Oh, they're not all pure gold, these tapes. Many shows stayed stuck at "decent" or slumped outright into "tepid". But the ones that ignited… ooh gosh! The vital alchemical catalyst was invariably the MC. On some sessions, it's like a flash-of-the- spirit has possessed the rapper, as electrifying to the ears as a first-class Pentecostal preacher or demagogue; you sense the MC and the decktician spurring each other to higher heights. It tends to be the lesser knowns that thrill me most: not the famous big-rave jungle toasters like Moose or Five-O but forgotten figures like OC and Ryme Tyme, who forged unique styles that melded the commanding cadences and gruff rootsiness of U-Roy-style deejay talkover with the chirpy hyperkinesis of nutty rave, or collided barrow boy argy-bargy with B-boy human beatboxing. Some of these tapes I know so well that the tracks are inseparable from the chants and the chatter entwined around the drops and melody-riffs; years later when I finally worked out what the mystery tunes were and bought them, they sounded flat without that extra layer of rhythmatized speech thickening the breakbeat broth.

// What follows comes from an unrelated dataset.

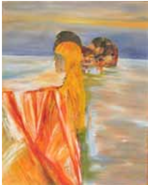
TITLE: Taja MEDIA: Oil on board YEAR: 1999 Nº: Pp012 LOCATION: Park Terrace Wine Bar

1992 to 1994, ardkore to darkcore to jungle, is the prime period for me. I seldom revisit the drum and bass years, when things got serious; things pick up again with the poptastic re-efflorescence of UK garage and 2step, when the number of London pirates resurged to its highest level. Grime is an odd one: I've got masses of tapes, and there's masses more to be found archived on the web, but the emergence of the MC as a capital A artist strikes me as a mixed blessing. With one eye on their career prospects (an album deal) the MCs increasingly came in with pre-written verses, reams of carefully crafted verbiage dropped with little regard to how it fit the groove. Pirate MCs always had an arsenal of signature catchphrases and mouth-music gimmicks, but with grime a vital element of ad-libbing improvisation got severely diminished. So excepting some 2002 tapes from grime's protozoan dawn, I've not got the same attachment or affection as I do for the classic rave sets.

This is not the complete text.